ENTRIES PROVIDED —
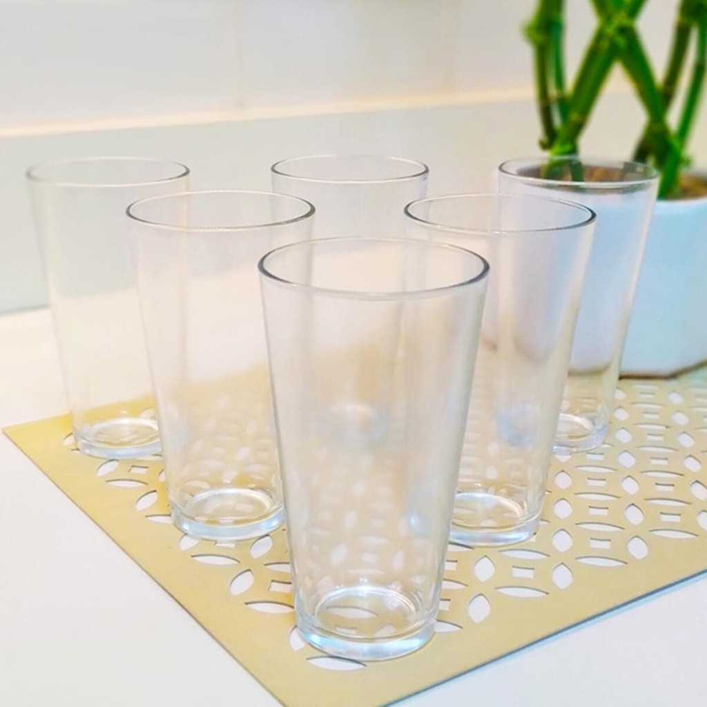 Jogo de Copos de Vidro SM Cairo 350ml 6 Unidade - Nadir 2644 Jogo com 6 copos SM Cairo com 350 ml, ideal para sucos, refrigerantes e bebidas em geral. Com design tradicional, é produzido em vidro cristalino. Características do Produto: Modelo: Cairo Indicado para: Água, Suco, refrigerante Tipo: Copo Marca: Nadir Dimensões do Produto: ø 7,6 cm x 13,8 cm Capacidade: 350 ml Peso: 0,23 kg Material da Estrutura: Vidro Tonalidade do Prato: Transparente Quantidade de Peças: 6 Unidades Pode ser Levado no Micro-ondas: Sim Dica de uso e preservação: Para limpeza, remova a sujeira com uma esponja macia, tire todo o resíduo de sabão e seque bem. Não utilize abrasivos ou utensílios pontiagudos. Submeter o vidro a mudanças bruscas de temperatura pode causar choque térmico e danificar seu produto. Evite impactos.
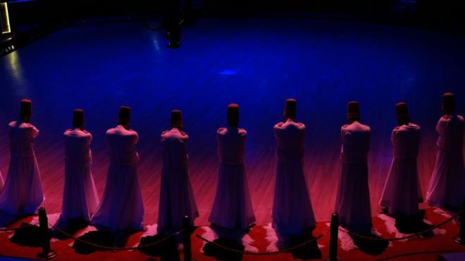 Tasavvuf müziği eşliğinde gerçekleşen sema gösterisinde semazenler, ilk önce kollarını çapraz bağlayarak görünüşte '1' rakamını temsil eder ve böylece Allah'ın birliğini tasdik eder. Ardından kollarını her iki tarafa açıp zikir yaparak sağ eli dua eder gibi yukarıya, sol eli aşağıya açıktır. Bu, "Haktan alır, halka saçarız, hiçbir şeyi kendimize mal etmeyiz, görünüşte var olan, vasıtalık eden bir suretten başka bir şey değiliz" anlamına gelmektedir. Sağdan sola kalbin etrafında dönerek, bütün insanları, bütün yaratılmışları, bütün kalbiyle sevgi ve aşkla kucaklayışıdır. Yedi bölümden oluşan semanın her bölümünün ise ayrı bir manası bulunuyor.
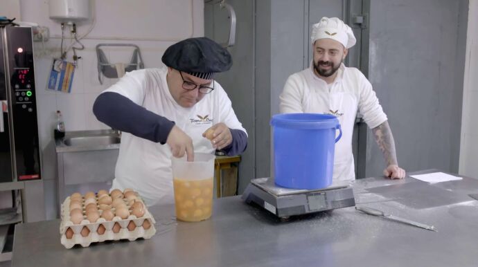 Ahora llega su turno y resulta ser todo un desastre. El empleado demuestra gran paciencia con su ayudante, perouna cosa es la paciencia y otra, el pasotismo. Rober ha metido la mano para sacar las cáscaras de huevo que se han caído en la mezcla, algo que va en contra de las normas de higiene y Diego no ha dicho ni una palabra al respecto ni ha tomado ninguna medida.
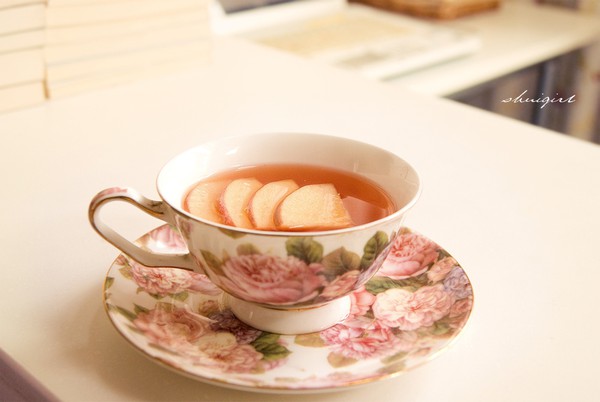 原料:清水300毫升、苹果半个、红茶包1个、肉桂粉少许、方糖2-3块。做法:把苹果连带着果皮扔到锅中,加入清水,撒一点肉桂粉,一起煮沸,转中小火煮上几分钟,然后加入一个红茶包,放几块方糖就可以了,非常好喝。
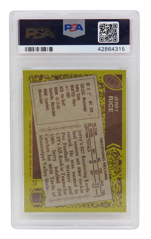 This is for one (1) Jerry Rice San Francisco 49ers 1986 Topps football #161 rookie card, which has been encapsulated and graded Mint 9 by PSA. You will receive the card shown with PSA #42864315
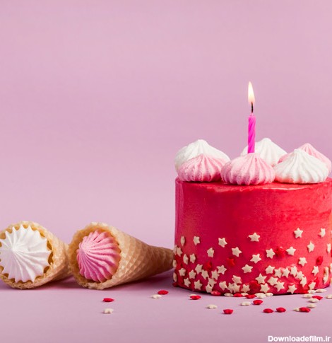 عکس با کیفیت و هنری از کیک تولد به رنگ صورتی که بسیار زیبا دیزاین شده است مناسب برای تبریک تولد و یا طراحی کارت تبریک تولد

INSTRUCTIONS FOR THE TASK —
Every line from the one that contains "This is for" through the end of the records above is to be reproduced exactly; no picture goes in the copy.

ANSWER TO THE EXERCISE —
 This is for one (1) Jerry Rice San Francisco 49ers 1986 Topps football #161 rookie card, which has been encapsulated and graded Mint 9 by PSA. You will receive the card shown with PSA #42864315
 عکس با کیفیت و هنری از کیک تولد به رنگ صورتی که بسیار زیبا دیزاین شده است مناسب برای تبریک تولد و یا طراحی کارت تبریک تولد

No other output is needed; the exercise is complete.